We audited the U.S. Department of Housing and Urban Development’s (HUD) approval of Section 232 Federal Housing Administration (FHA)-insured loans based on our initiative to focus HUD management’s attention on problems areas with the Section 232 program. Our audit objective was to determine whether HUD approved Section 232 FHA-insured loans for projects that qualified for mortgage insurance in accordance with HUD requirements.

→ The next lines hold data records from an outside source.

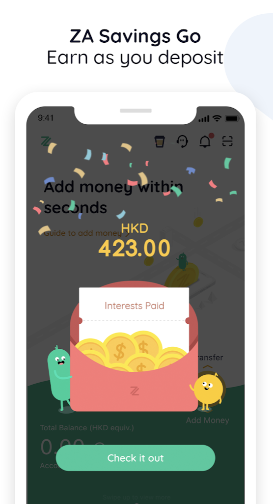 ZA Bank Business Banking is here! We look forward to working with our local SME partners to unlock growth together. We offer unsecured revolving term loan with flexible drawdown date and repayment term. No interest is payable on unused credit. Please contact your relationship manager or call our customer service hotline for details. Time deposits are available in HKD, CNY and USD, offering you flexibility to place time deposits anytime from Monday to Sunday throughout the year. Payment made easy with just a wave of your card. No swiping or signing needed. Verify the transactions within the app in seconds, giving you a smoother and safer online shopping experience. Lock and unlock your card with one tap in the ZA Bank app. Receive instant notifications for each transaction and fully control your transaction limits.
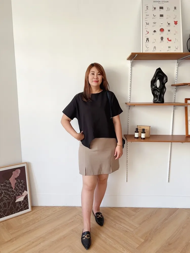 ✓ 正面下擺開岔
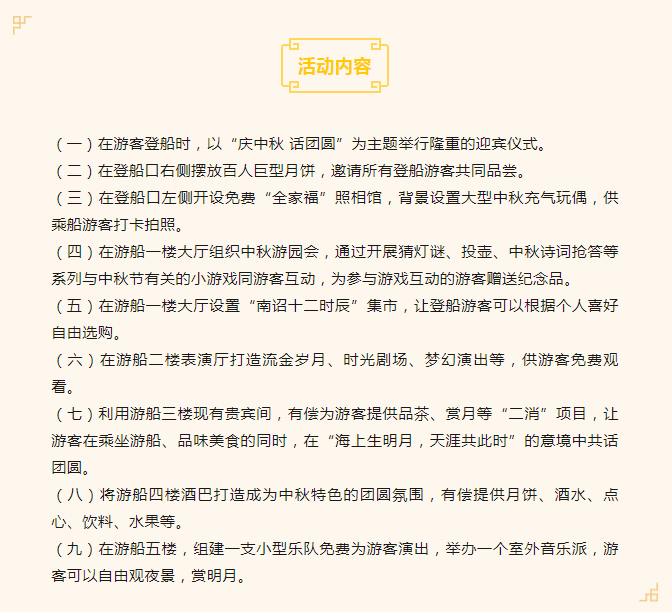 在這一天,以月為媒,家人團(tuán)聚共度佳節(jié)。洱海游船分公司借此佳節(jié)良辰之際,開(kāi)展“夢(mèng)幻中秋夜 光影全家?!?/span>
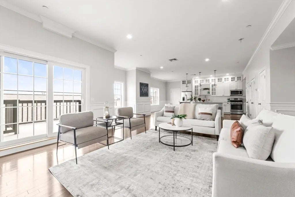 Welcome to this stunning 4-bedroom, 3-bathroom home in South Boston’s desirable City Point! Spanning 2,300 square feet, this spacious residence is designed for effortless living and entertaining, with an open-concept living and kitchen area featuring a private deck, exclusive roof rights, gas fireplace, high ceilings, and oversized windows that flood the space with natural light. The sleek kitchen boasts stainless steel appliances, quartz countertops, and a large island, perfect for gathering. Two of the generously sized bedrooms include walk-in closets and ensuite bathrooms, offering a private retreat within the home. An additional full bath and two more bedrooms provide flexibility for family, guests or office. The home also features brand new furnace + HW tank, two garage parking spaces (tandem), in-unit laundry, and ample storage. Located just moments from Castle Island, M Street Beach, this exceptional home is an exceptional find.

HUD generally approved Section 232 FHA-insured loans for projects that qualified for mortgage insurance in accordance with HUD requirements. For the three loan files reviewed, valued at nearly $50 million, HUD maintained documentation to show that it adequately reviewed (1) loan applications for program eligibility; (2) financial operations of the operator; (3) the creditworthiness of the borrower, operator, and operator parent; (4) professional liability insurance; and (5) the project capital needs assessment. However, it did not adequately evaluate the creditworthiness of the management agents as required. This condition occurred because HUD’s underwriters did not follow procedures. As a result, if HUD does not implement controls and procedures to ensure that it properly evaluates the creditworthiness of management agents, it could approve loans for projects with management agents that significantly impact the financial position of the project.
We recommended that HUD develop and implement controls and procedures to ensure that its underwriters properly evaluate the creditworthiness of management agents when underwriting future loans. It took immediate corrective action during the audit to implement the recommendation.